Ехали мы теперь молча, поскольку оба начали испытывать какое-то напряженное состояние. Мы сидели очень тихо, не произнося ни слова, каждый вынашивал свои страхи и предчувствия, каждый сдерживал свои тревоги. А Клод все дымил и дымил и выбрасывал сигареты наполовину выкуренными в окно. Обычно в ходе таких поездок он говорил без умолку по дороге туда и обратно, рассказывая, что ему приходилось делать с собаками, на каких работах он работал, где бывал, какие деньги зарабатывал, а также обо всем том, что делали с собаками другие, о воровстве, жестокости и невероятно коварном жульничестве хозяев беговых дорожек. Но в этот раз он не так уверенно себя чувствовал, чтобы много говорить. Да, признаться, и я тоже.

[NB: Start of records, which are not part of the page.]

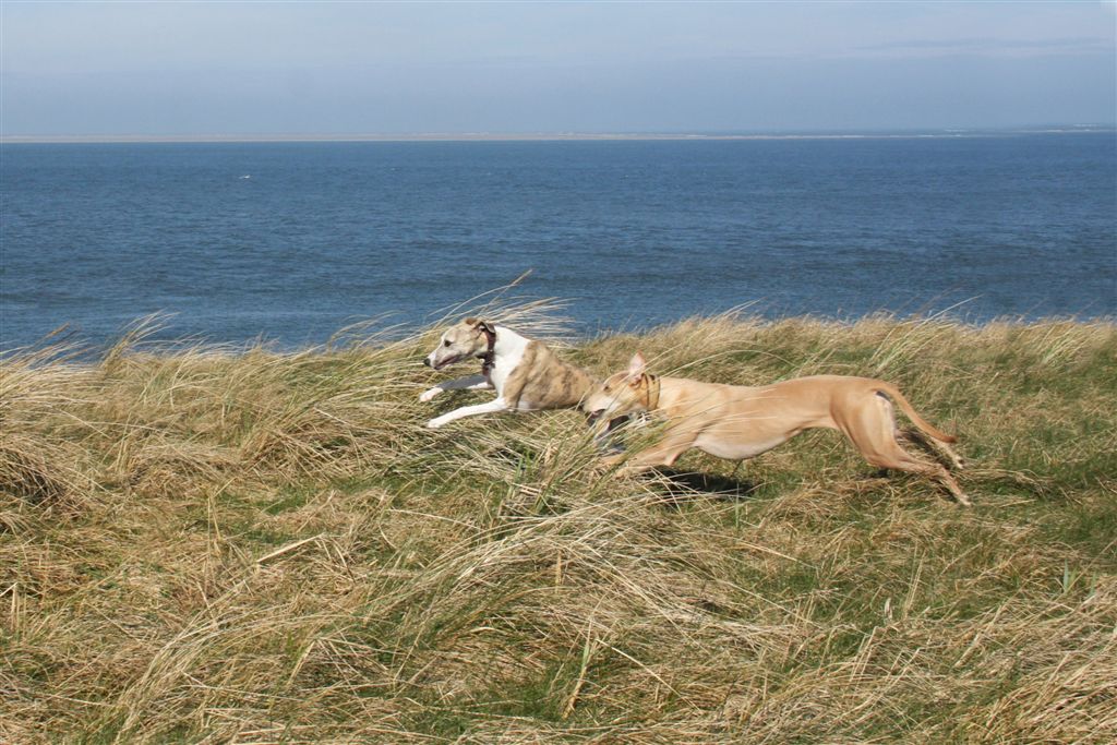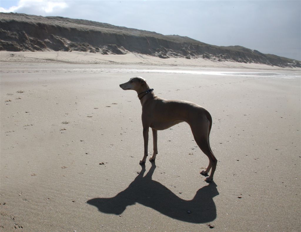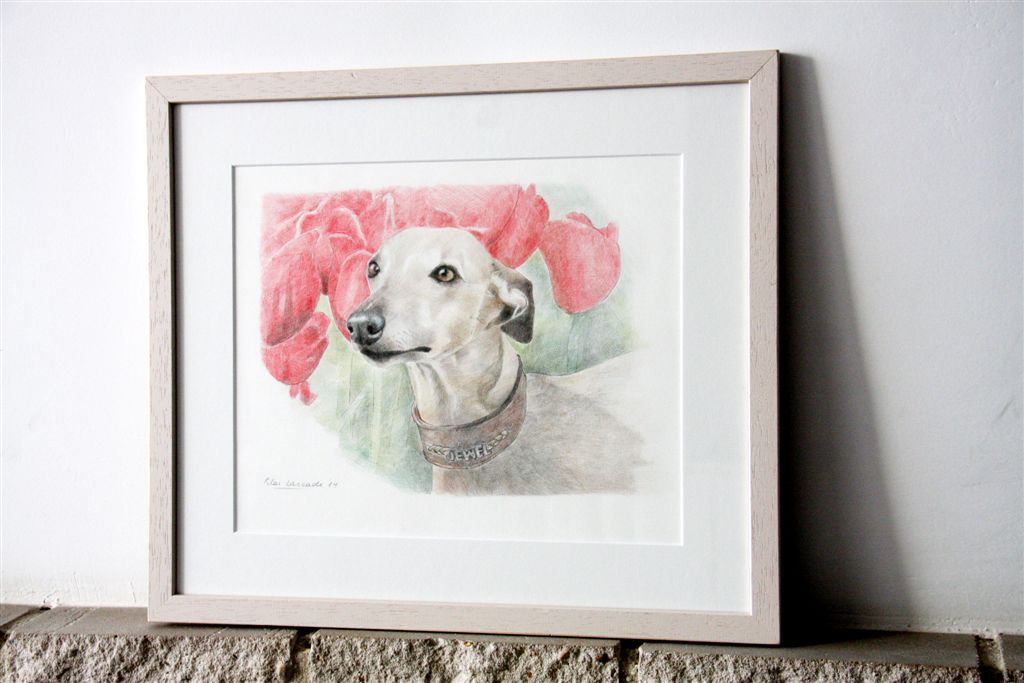 Vorig weekend waren we met een aantal whippet vrienden te gast bij Tinne en Marc in België, om het nest van Dyllis te bewonderen. Daar verraste Evelien (van Jewel’s bonte dochter Zoë – Salty Sand’s Anyone’s Daughter – en natuurlijk van James) mij met een tekening van Jewel, die is gemaakt door Pilar Larcade uit Argentinië.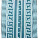 This image creates a nice shower curtain by displaying conventional vintage teal and white line shapes over a comparatively contrasted canvas background.
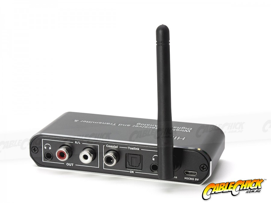 This handy little Transceiver unit works in two ways. Basically, you can plug in an audio source via SPDIF Coaxial or TOSLINK, or via 3.5mm stereo input (one at a time). That input will be converted to analogue stereo and also broadcast as Bluetooth audio. In this configuration, you can convert Digital to Analog for a wired DAC, or sync your Bluetooth Speakers to listen to the input wirelessly.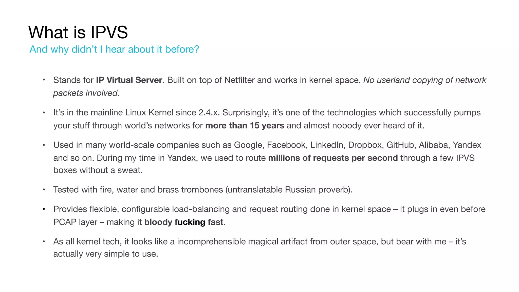 This document discusses IPVS (IP Virtual Server), a kernel-level load balancing and request routing technology built into the Linux kernel. It has been used by major companies like Google, Facebook, and Yandex to route millions of requests per second. The document introduces some key features of IPVS, including different forwarding methods (DNAT, DR, IPIP), load balancing algorithms, health checks, and cluster synchronization. It then describes GORB, an open-source REST API and daemon that can configure and manage IPVS from userspace without restarting services. GORB potentially makes IPVS useful for load balancing Docker containers dynamically as containers are started and configured.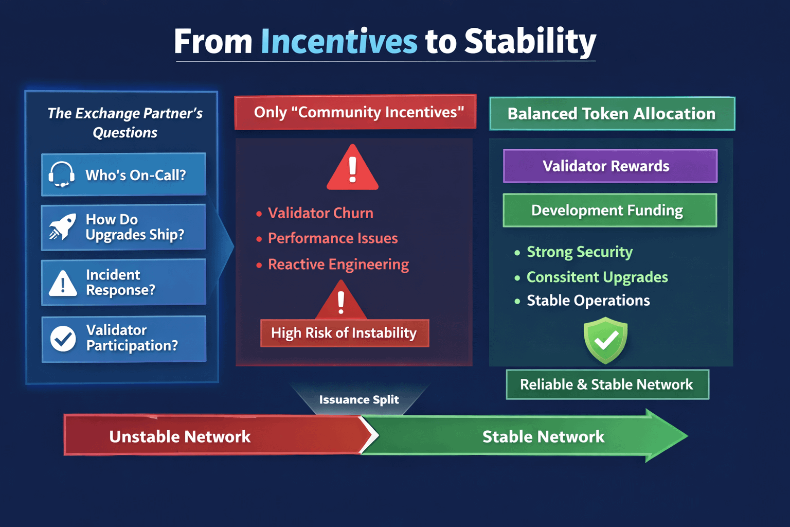 I think about it like the week an exchange partner asked us for an uptime plan before they even talked marketing. They wanted to know who was on-call, how upgrades ship, what happens during an incident, and whether validator participation stays healthy when markets get quiet. If the only serious budget in the token model is “community incentives,” you can feel the risk immediately: validators churn, performance degrades, and the engineering team becomes reactive because there is no consistent capacity for audits, tooling, and fixes. But when issuance is explicitly split between validator rewards and development, you can answer those questions with something real. You can fund security, ship patches without drama, and keep the network stable while growth programs run on top, not instead of the foundation.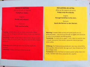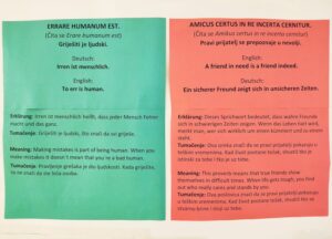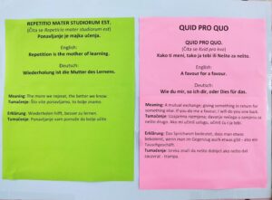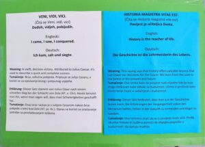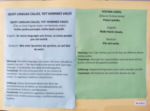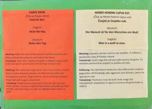 Učenici 7. i 8. razreda s učiteljicama Melitom (8. a i c), Helenom (8. a, b i c) i Klarom (7. a i c), u suradnji sa školskom knjižničarkom, prevodili su latinske poslovice na njemački i engleski jezik. Svaka poslovica zajedno s tumačenjem i prijevodom, isprintana je u drukčijoj boji. Poslovice su u prijevodima većinom podudarne, ali neki učenici pronašli su i nešto drukčija tumačenja (7. a i c) pa su zato stavljene posebno. Prevođenjem poslovica obilježili smo Europski dan jezika a kao motto izabrali smo poslovicu Quod linguas calles, tot homines vales (Koliko jezika poznaješ, toliko ljudi vrijediš). Obilježavanjem Europskog dana jezika započeli smo projekt CARPE DIEM (Iskoristi dan). Cilj projekta je naučiti latinske poslovice, njihova značenja, praktičnu primjenu, i koristiti ih kao motivaciju za kvalitetno korištenje slobodnog vremena. Projekt će se provoditi u ovoj školskoj godini i očekuje nas još puno zanimljivih zadataka!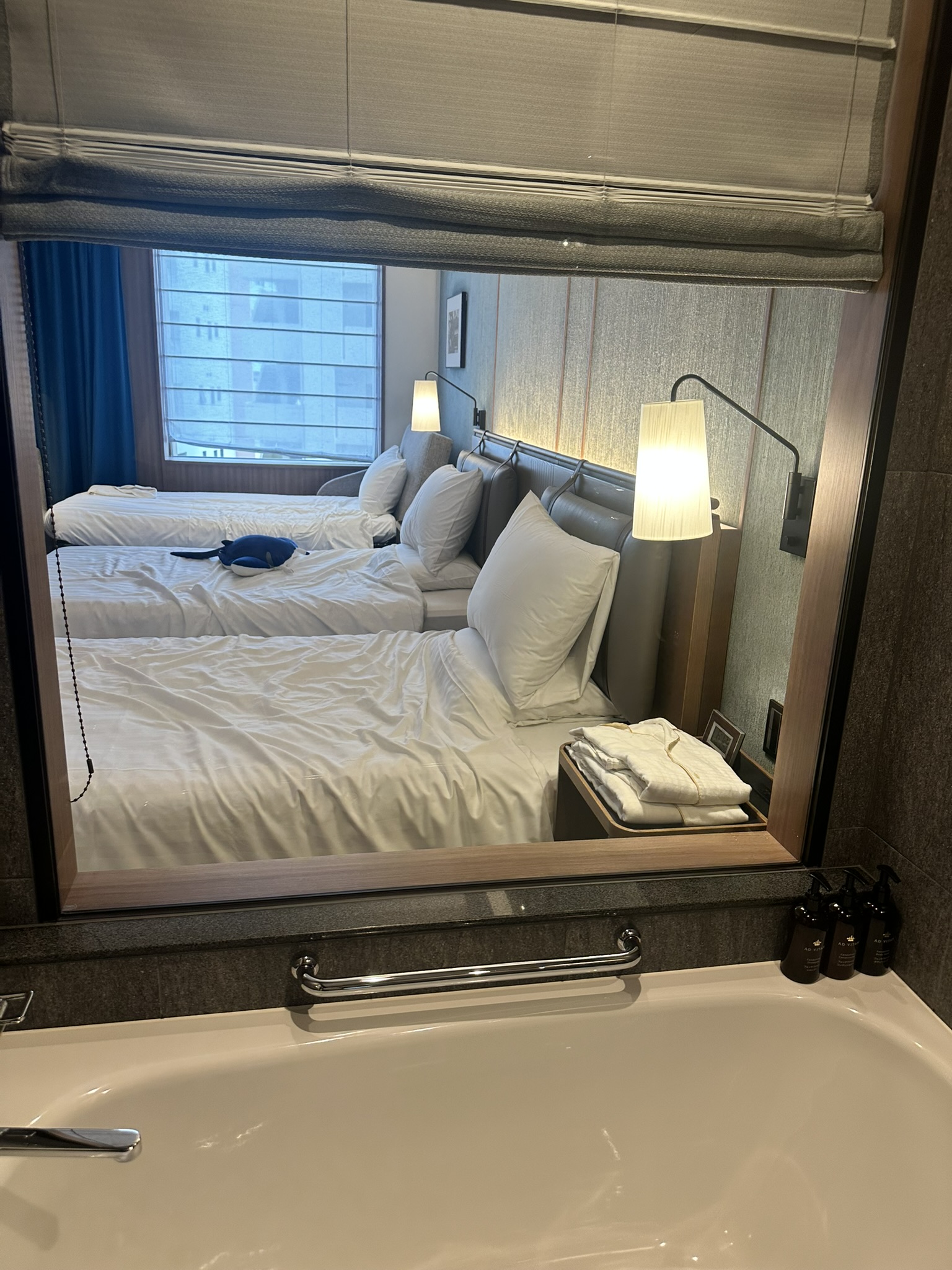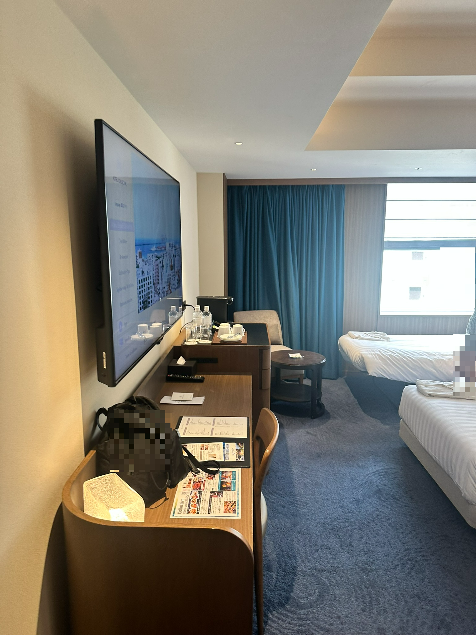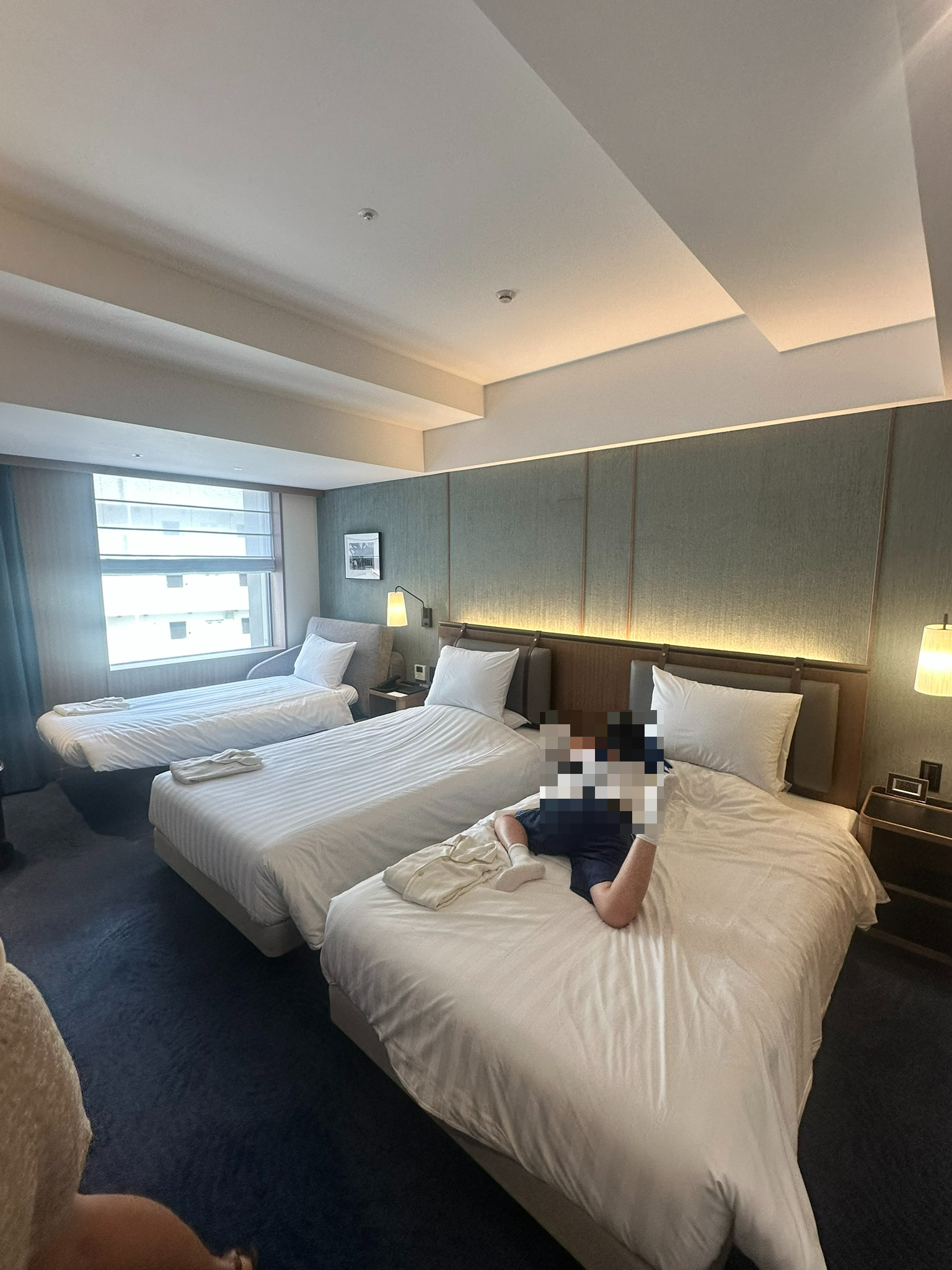 룸 사진을 보여드려요. 저희는 아이와 함께 이용해서 기존 소파자리에 추가 베드가 놓여서 있어서 침대가 3개였어요. 피곤한 여행에서 각자 침대 1개씩 이용해서 잠을 자다 보니 더욱 편안했어요. 다른 호텔과는 다르게 엑스트라 베드에 대해서 추가 요금이 청구되지 않았어요.

Я молча следил за дорогой и старался не думать о ближайшем будущем, вспоминая все то, что Клод рассказывал мне раньше о разбое на собачьих бегах.
Готов поклясться, что никто на свете обо всем этом не знает больше Клода, и с того самого времени, когда мы взяли другую собаку и решили провернуть дело, он счел своей обязанностью посвятить меня в его особенности. Теперь, во всяком случае в теории, думаю, я знал почти столько же, сколько он.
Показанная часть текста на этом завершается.